SUPERBE - Une nouvelle qui va faire grincer pas mal de dents du côté de la bienpensance : en 2025, l’Italie est devenue le 4e exportateur mondial, dépassant le Japon. Les exportations italiennes sont passées de 480 à 626 milliards d’euros entre 2016 et 2023, et pour atteindre 680 milliards en 2025. En 2026, elles dépasseront les 700 milliards. Nos voisins transalpins peuvent entre autres compter sur des « secteurs de niche » comme la mécanique, l’énergie et les infrastructures.
Plusieurs facteurs expliquent le succès économique de l’Italie sous Giorgia Meloni :
Stabilité politique : Meloni a apporté une stabilité rare en Italie, ce qui a rassuré les marchés et les investisseurs.
Réduction du déficit public : Le déficit a été divisé par deux en deux ans, passant de 7,2 % à 3,3 % du PIB en 2025, et la dette publique a été mieux maîtrisée.
Baisse du chômage : Le taux de chômage est passé de 7,8 % en 2022 à 6 % en 2025, son plus bas niveau depuis 20 ans.
Excédent commercial : L’Italie a dégagé un excédent commercial de 55 milliards d’euros en 2024, grâce à une stratégie de niche et à la compétitivité de ses entreprises.
Politique économique pragmatique : Meloni a combiné libéralisme (réduction des impôts, soutien aux entreprises) et protectionnisme stratégique (défense du Made in Italy, sécurisation des approvisionnements).

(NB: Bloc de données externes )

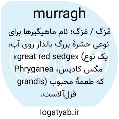 مُرَگ / مَرَگ؛ نام ماهیگیرها برای نوعی حشرهٔ بزرگ بالدار روی آب، «great red sedge» (یک نوع مگس کادیس، Phryganea grandis) که طعمهٔ محبوب قزل‌آلاست.

L’Italie a par ailleurs bénéficié de 200 milliards d’euros de fonds européens post-Covid (90 milliards pour la France), ce qui a dopé sa croissance et ses investissements. L’Italie est le 3ᵉ contributeur net au budget de l’UE, derrière l’Allemagne et la France. Sa contribution nette (différence entre ce qu’elle verse et ce qu’elle reçoit) est estimée à -6 milliards d’euros en 2023 (contre -9,3 milliards d’euros pour la France).
La croissance annuelle moyenne du PIB italien a été de +1,1 % entre 2019 et 2024, contre +0,8 % en France. Au 1er trimestre 2025, le PIB italien a progressé de +0,3 % (soit +0,7 % sur un an), porté par les exportations et une consommation stable. Le PIB par habitant a rattrapé celui de la France en 2025, grâce à une croissance plus dynamique.
Tout n’est évidemment pas rose chez nos voisins latins, avec entre autres une productivité inférieure (il faut le faire…) à celle de la France. Le défi majeur de la péninsule est le vieillissement de la population. Mais c’est celui de l’Europe entière qui ne croit plus en son destin et a cessé de faire des enfants. Le nombre d’enfants par femme n’excède pas 1,6 sur le vieux continent (taux de 2,1 pour le simple renouvellement des générations). Les pays du sud de l’UE (Italie, Espagne, Grèce, Malte) affichent les taux les plus bas (entre 1,13 et 1,25).
La Chine reste le premier exportateur mondial en 2025. Viennent ensuite l’Allemagne, les États-Unis, l’Italie, le Japon, les Pays-Bas et la France à la 7e place. Les secteurs dans lesquels notre pays tient encore le choc se comptent sur les doigts d’une main de schtroumpf : aéronautique, armes, agroalimentaire (en déclin) et luxe.
Échange volontiers notre Mozart de l’économie et de la finance, qu’on va devoir supporter pendant encore un an et demi, contre une Giorgia Meloni qui, quant à elle, sait manifestement mener sa gondole.